The Illinois defense has 8 starters back, but that’s a double-edged sword with a team that ranked 104th in scoring defense (35 ppg) and 116th against the run (239 ypg; 5.6 ypc). The team couldn’t generate much pressure (only 15 sacks) and didn’t force enough turnovers (just 3 ints.; 11 total takeaways all season). The defensive line showed some improvement in the spring, especially in the pass rush. Five of the top six tacklers are back, led by sr. LB Earnest Thomas III, who ranked second with 101 stops in 2013. Although Brown is gone, the next 6 tacklers return for d.c. Tim Banks’ stop unit. The only way that Illinois will change its 1-15 conference mark is if Banks can find a way to shave a couple of TDs off of the 41 ppg allowed vs. Big Ten foes in 2013.

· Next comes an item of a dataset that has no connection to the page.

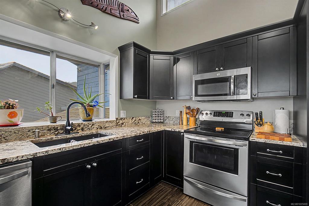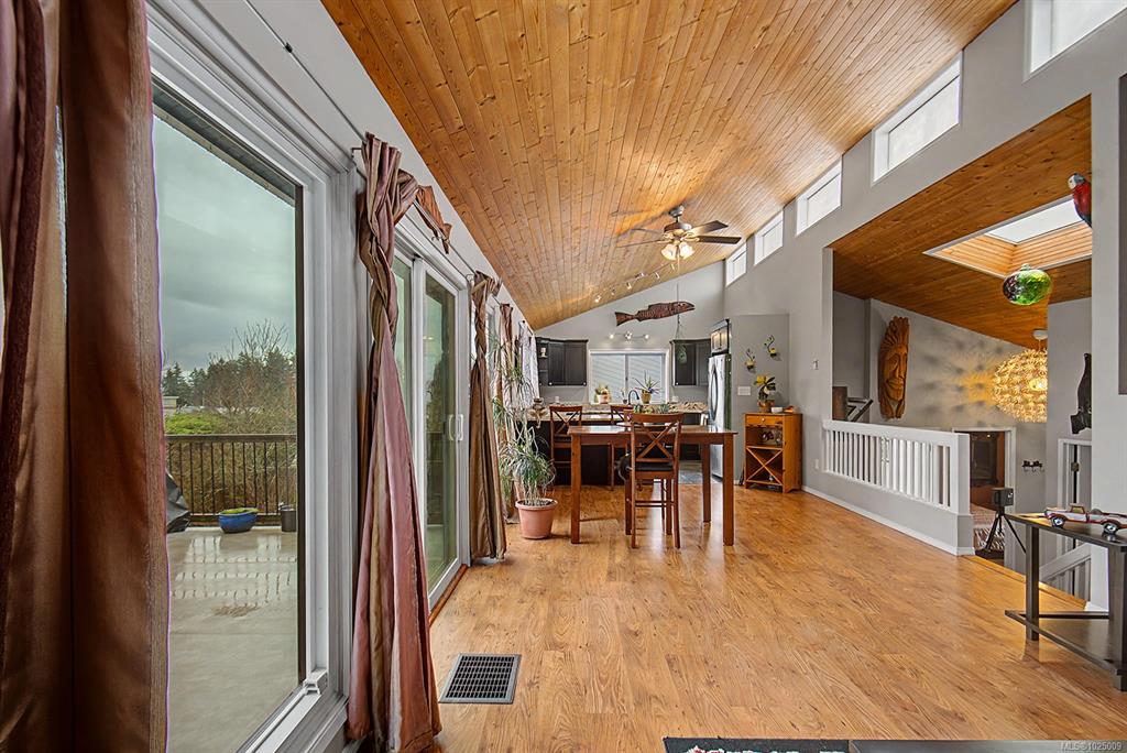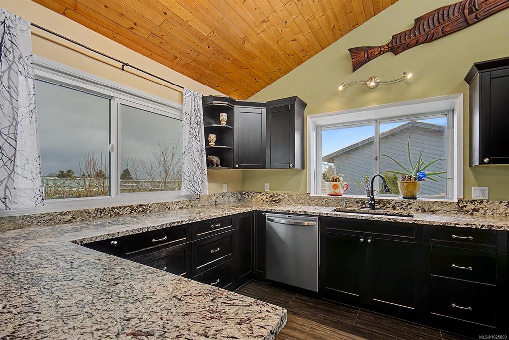 This 3-bed, 3-bath home backs directly onto Ladysmith Secondary School, giving you rare privacy and an open, expansive backdrop you don’t often find in town. From the moment you step inside, you’ll notice what truly sets this home apart: soaring wood-vaulted ceilings paired with clerestory windows that flood the space with natural light. Most windows throughout the home have been replaced with triple-pane windows, offering improved energy efficiency and year-round comfort. The updated kitchen features grani...

Lunt played in 6 games at Oklahoma St., completing 62% of his passes for 1108 yds., and threw for 6 TDs as a true freshmanin 2012. However, he also threw 7 ints., which in part explains why Cowboy HC Mike Gundy went in a different direction. Lunt is no sure thing, O’Toole is a career backup, and Bailey is inexperienced...none is Scheelhaase. The defense could cut 7 ppg off its allowance and it might might not make a difference this season. The Illini have made some inroads in recruiting, but the question is whether those younger players can emerge and support the framework that remains in time to save Beckman’s job.